MANUFACTURING & RETAIL: It’s been a coin toss kinda week for JCPenney: Jill Soltau shared the (sort of) good news that quarterly losses weren’t as bad as expected, sending stocks up Thursday. The bad news: Sales continue to fall, down 9 percent in the quarter, with no end in sight. The company also said that in an effort to reach new and younger customers, it will start selling second-hand women’s clothing and bags in partnership with thredUP, an online thrift store [Reuters]. Fresh off a successful Nordstrom deal, influencer Arielle Charnas will create her own e-commerce apparel brand with backing from Silas Chou, the investor who funded Michael Kors and Tommy Hilfiger in the early days, helping turn them into posh global brands. Chou and others committed to a funding round totaling $10 million for the influencer’s Something Navy brand [AdWeek].
SCIENCE & HEALTHCARE: Is the old boy’s club that’s long defined the health and sciences sector (well, every sector, basically) starting to lose some of its pull there? Women now make up around 40 percent of the country’s doctors and surgeons, up from about 26 percent in the late 1990s, according to Quartz. And, the percentage of female physical scientists went from 28 percent in the period between 1997 and 1999 to 45 percent over the last two years.
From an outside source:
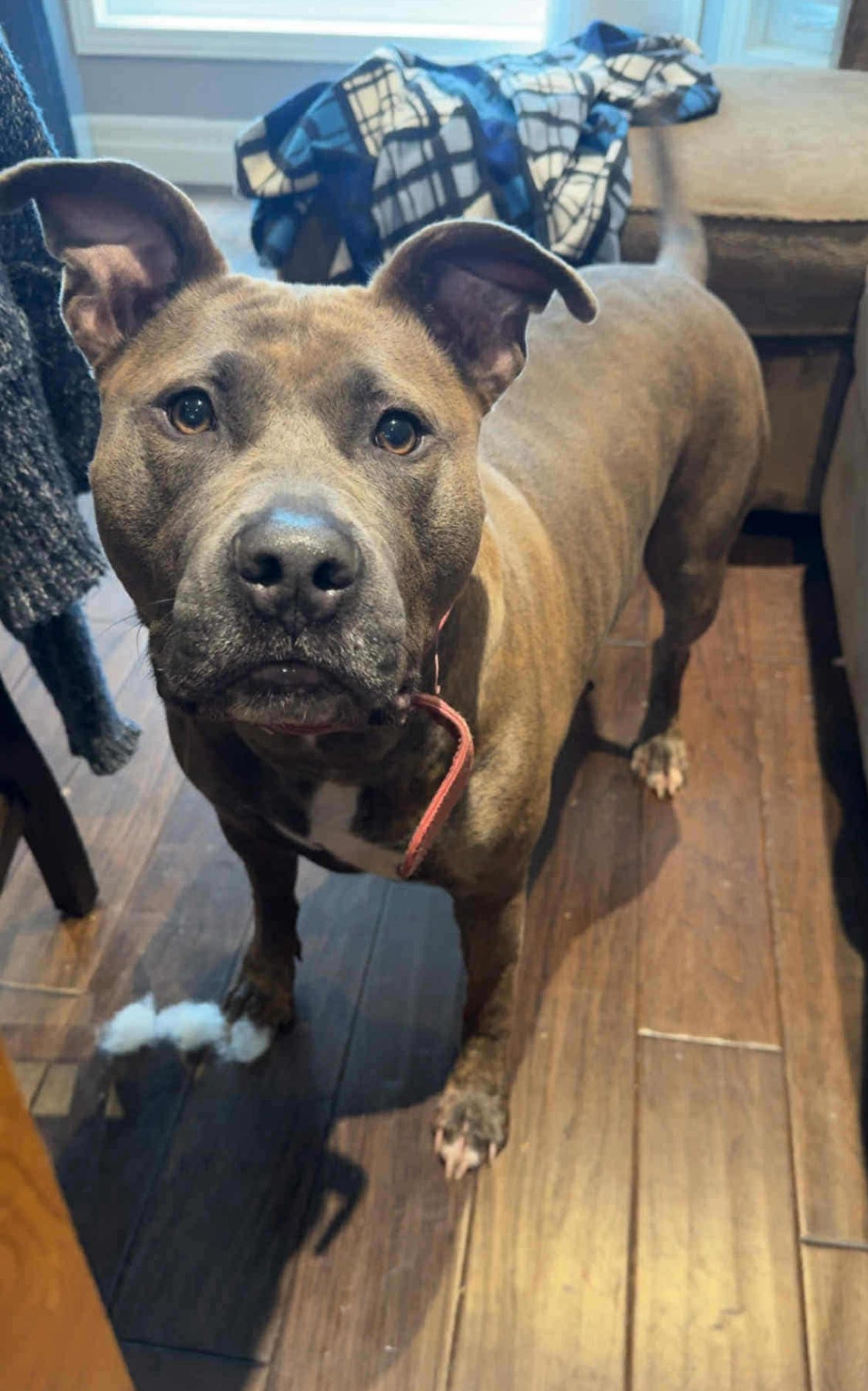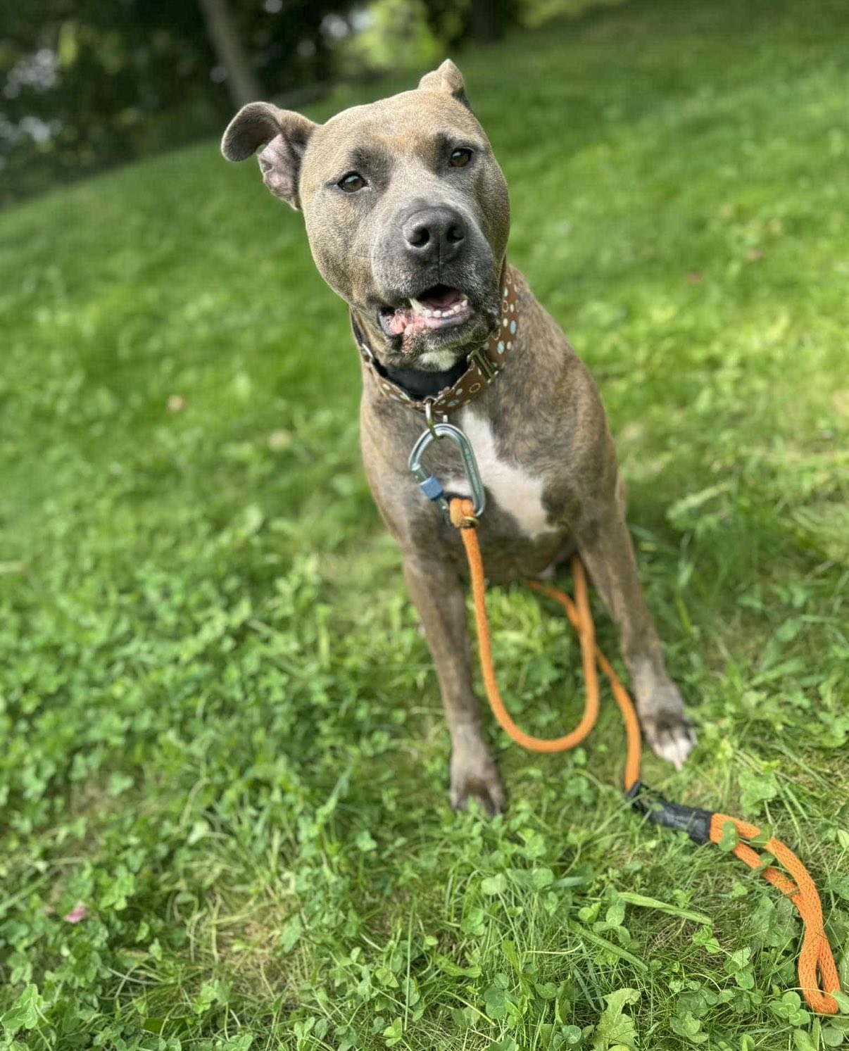 At 3 years old, Andy is a big, beautiful bundle of enthusiasm who believes life’s best moments involve toys, treats, and people to love. She dances with excitement when she finds a bone, greets her friends with full-body wiggles (and maybe a little drool), and is always ready to carry her own leash though she’s still perfecting her manners when those squirrels appear!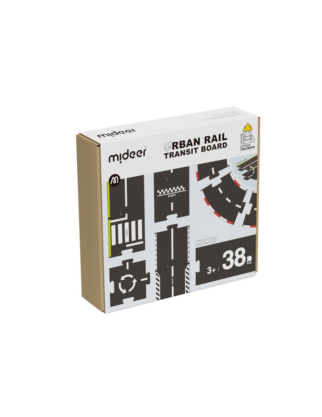 32 piezas de cartón en forma de puzzle, para la creación de circuitos. 6 señales de tráfico incluidas. Incluye guía con 9 circuitos diferentes para montar.

Put THAT in your beaker, boy’s club [Quartz]. On that note, increasing gender parity in the health care and life sciences industries and advancing women to the C-suite is a big focus at this year’s HLTH convention in Las Vegas, where thousands of top execs from global pharma and healthcare companies will convene to talk shop [Med City News].
TECH & ENGINEERING: Sarah Guo, who was promoted in 2018 to become the first female partner at the VC firm Greylock — and its youngest partner, until recently — explains how the venture capital industry can narrow its diversity gap. “Investing firms need to be held accountable for diversity in the court of public opinion, and they’ll react to market demand,” she said. “The market for VCs is founders, so founders voting with their feet and choosing more diverse partnerships matters…. [T]he diversity that founders build into their executive teams at high-growth startups will also indirectly contribute to the number of women in venture, because they’ll become the next generation of female investors” [The Information]. Another appalling reminder (as if we needed it) that the tech industry lacks diversity: A new study shows social media algorithms are more likely to flag tweets written by African Americans as “offensive” [Vox]. On the other hand, inspiring young women like Khalia Braswell are working to bring more girls of color into tech. She’s an award-winning technologist who left her job at Apple to expand INTech Camp for Girls, the nonprofit she founded that has introduced 550 middle-school girls of color to tech skills and professional female mentors [Essence].